For instance, the final Chinchilla 70B model is trained on 1.4T tokens. If we had an aggressively deduplicated version of the MassiveText dataset (such as (Abbas et al., 2023)), it is possible to have a scaling law experiment that yields 1.0T tokens as optimal, while also staying consistent with \(b \approx 0.5\), producing a plot that looks like the following:

Notice that the slopes are the same (that is, \(b =0.5\)) but the intercepts \(B\) are different

To interpret this, remember that the scaling law is fitted as \(D_{\text{opt}} = BC^b\). On a log-log plot, \(B\) acts as the intercept, while \(b\) is the slope. Chinchilla makes claims about the slope: that \(b \approx 0.5\) (and \(a \approx 0.5\) on the model size side). This means once you’ve already found a value \((N_{\text{opt}}, D_{\text{opt}})\) at a small value of \(C\), Chinchilla provides you the recipe to scale up your \(N\) on more tokens \(D\) from that exact data mixture.

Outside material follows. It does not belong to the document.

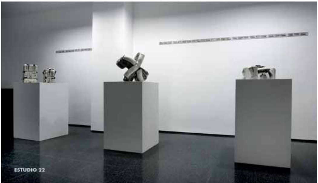
Momentos de tierra

But even a single \((N_{\text{opt}}, D_{\text{opt}})\) pair will be unknown to you for your exact data/architecture setup at the start of your experiments, so at the minimum you’ll want to perform ~3-5 small training runs to produce one IsoFLOP curve, to produce at least one \((N_{\text{opt}}, D_{\text{opt}})\) you can extrapolate from.

Subsequent work (such as Dey et al. (2023), Appendix D) replicated MassiveText-like dynamics in \(a, b\)12 and in \(A, B\) (finding ~20 tokens per parameter to be optimal) on a different dataset, the Pile (Gao et al., 2020). This suggests a general rule of thumb (20 tokens/param) for decoder-only, natural language models13, that have been recommended in other blogposts (such as Anthony et al. (2023)).

That said, it is important to recall the assumptions this rule-of-thumb is built on14, and to be willing to calculate a new IsoFLOP curve if any assumption is violated.

Compute optimal?

Chinchilla’s scaling laws are concerned with optimality under one definition of cost: the amount of FLOPs used in training. This translates to real world, monetary cost only if you’re paying per-unit of compute. In practice, if you’re a big lab, you likely already have a contract reserving accelerator capacity with one of the large cloud providers; the compute is already paid for, and the real cost is opportunity.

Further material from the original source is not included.